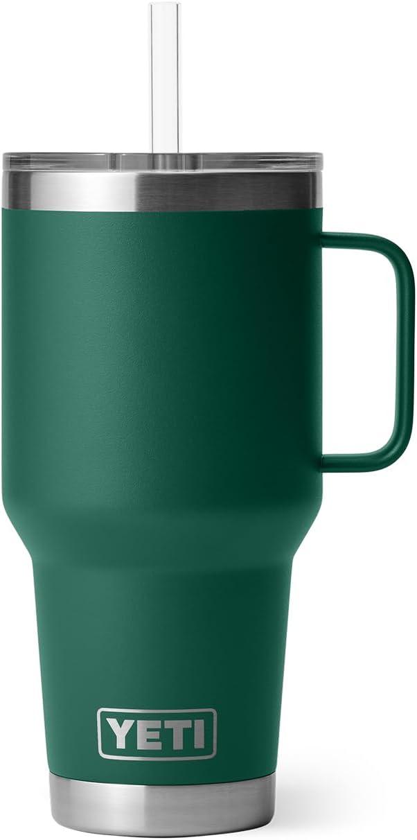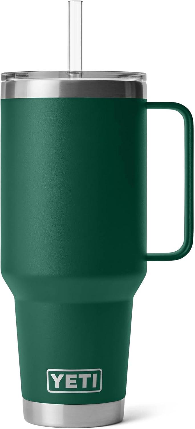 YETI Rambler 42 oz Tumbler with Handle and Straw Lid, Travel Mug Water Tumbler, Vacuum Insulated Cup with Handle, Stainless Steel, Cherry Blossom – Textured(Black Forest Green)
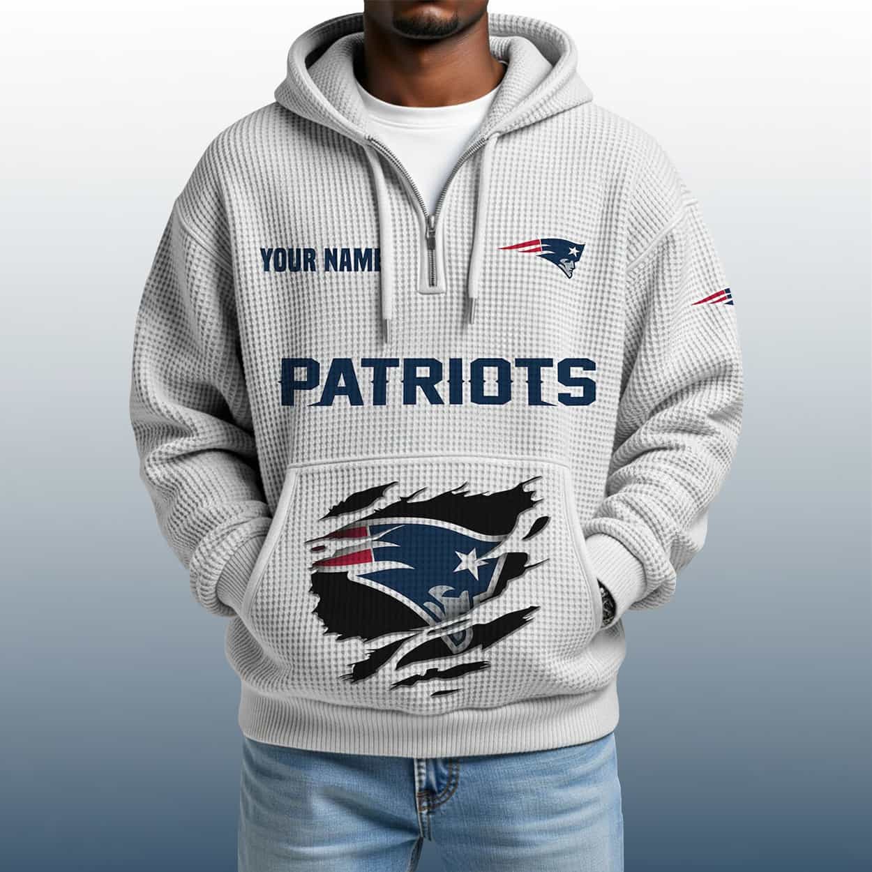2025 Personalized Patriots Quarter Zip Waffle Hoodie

...

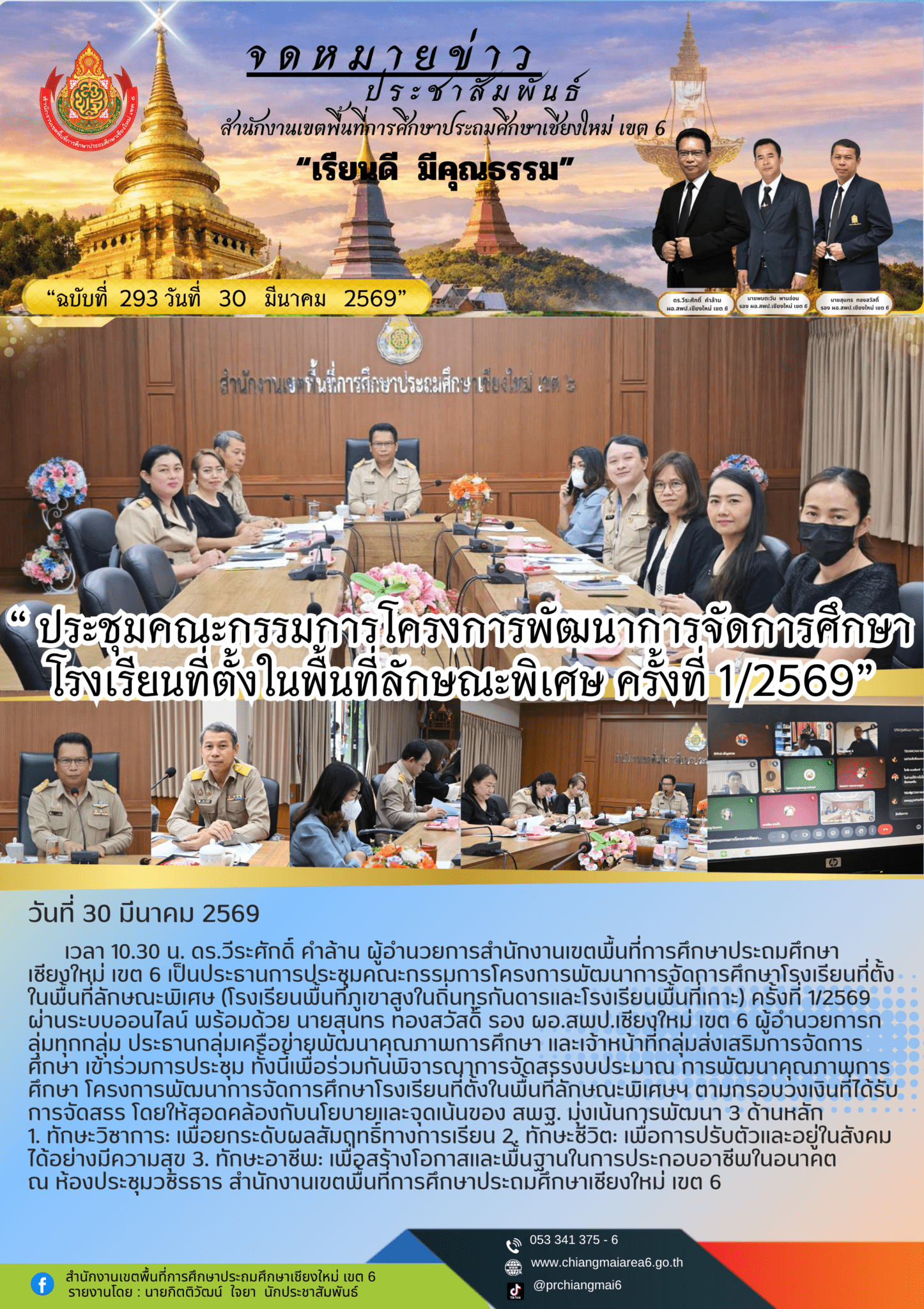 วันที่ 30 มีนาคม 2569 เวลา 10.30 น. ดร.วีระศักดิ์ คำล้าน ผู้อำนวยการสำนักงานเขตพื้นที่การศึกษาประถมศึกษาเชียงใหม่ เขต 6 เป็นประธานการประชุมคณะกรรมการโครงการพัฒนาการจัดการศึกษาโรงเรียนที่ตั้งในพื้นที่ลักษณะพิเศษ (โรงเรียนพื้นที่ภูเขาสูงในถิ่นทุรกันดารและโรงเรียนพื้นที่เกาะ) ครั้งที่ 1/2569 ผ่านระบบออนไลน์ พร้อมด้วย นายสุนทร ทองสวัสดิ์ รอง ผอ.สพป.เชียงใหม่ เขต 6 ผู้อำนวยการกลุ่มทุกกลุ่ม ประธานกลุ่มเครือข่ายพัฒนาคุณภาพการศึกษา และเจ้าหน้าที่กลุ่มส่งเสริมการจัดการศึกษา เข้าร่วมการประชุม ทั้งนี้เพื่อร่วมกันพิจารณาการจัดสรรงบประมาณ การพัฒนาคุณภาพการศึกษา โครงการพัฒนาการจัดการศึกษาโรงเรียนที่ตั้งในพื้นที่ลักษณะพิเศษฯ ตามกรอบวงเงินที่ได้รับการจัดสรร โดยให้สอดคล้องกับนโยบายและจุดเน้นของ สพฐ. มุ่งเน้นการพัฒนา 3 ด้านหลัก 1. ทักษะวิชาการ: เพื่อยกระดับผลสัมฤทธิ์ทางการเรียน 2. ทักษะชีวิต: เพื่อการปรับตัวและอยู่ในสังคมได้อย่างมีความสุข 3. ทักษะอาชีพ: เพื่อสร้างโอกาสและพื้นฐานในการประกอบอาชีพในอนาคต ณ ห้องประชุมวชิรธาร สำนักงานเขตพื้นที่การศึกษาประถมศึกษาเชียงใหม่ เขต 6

* * *

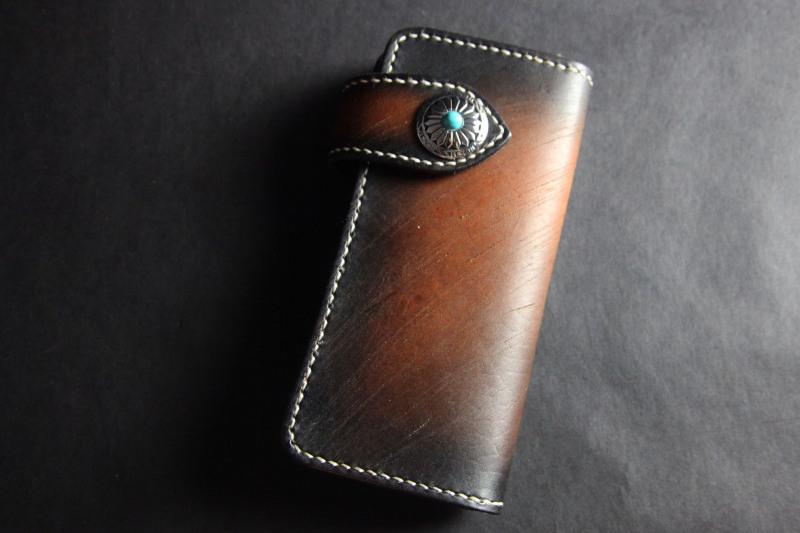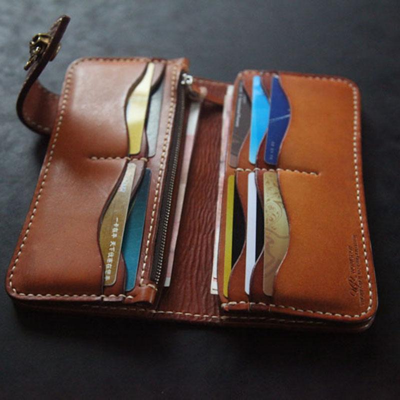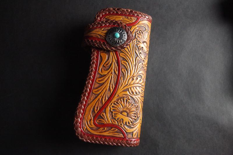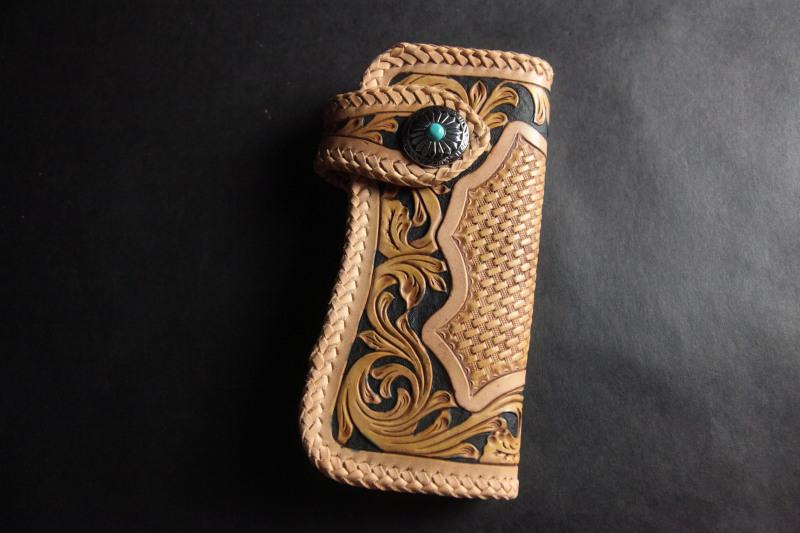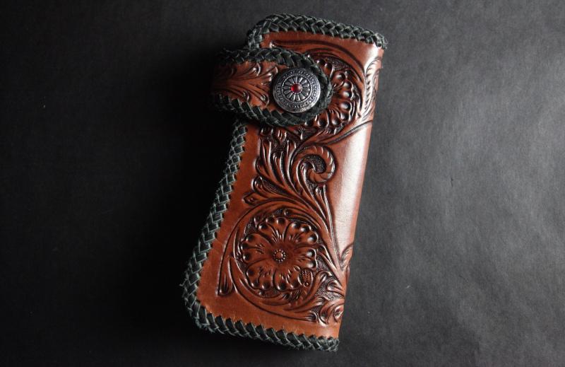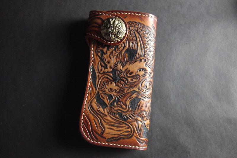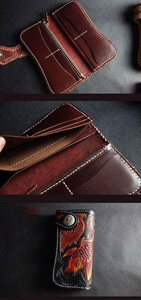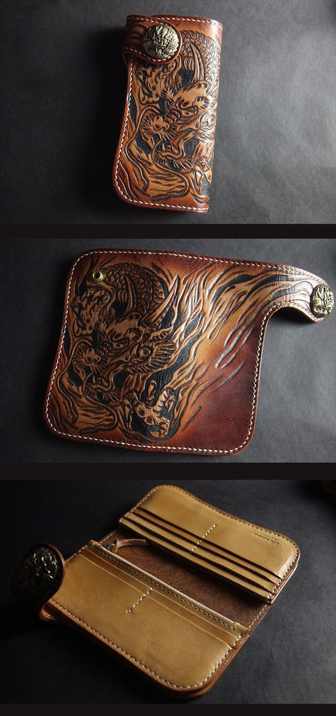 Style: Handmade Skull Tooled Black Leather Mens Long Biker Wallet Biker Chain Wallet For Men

■ **Problem**:
Return exactly the lines of the material above, starting at the line containing "YETI Rambler 42" and finishing at the line containing "2025 Personalized Patriots", without any pictures.

■ **Exercise answer**:
 YETI Rambler 42 oz Tumbler with Handle and Straw Lid, Travel Mug Water Tumbler, Vacuum Insulated Cup with Handle, Stainless Steel, Cherry Blossom – Textured(Black Forest Green)
2025 Personalized Patriots Quarter Zip Waffle Hoodie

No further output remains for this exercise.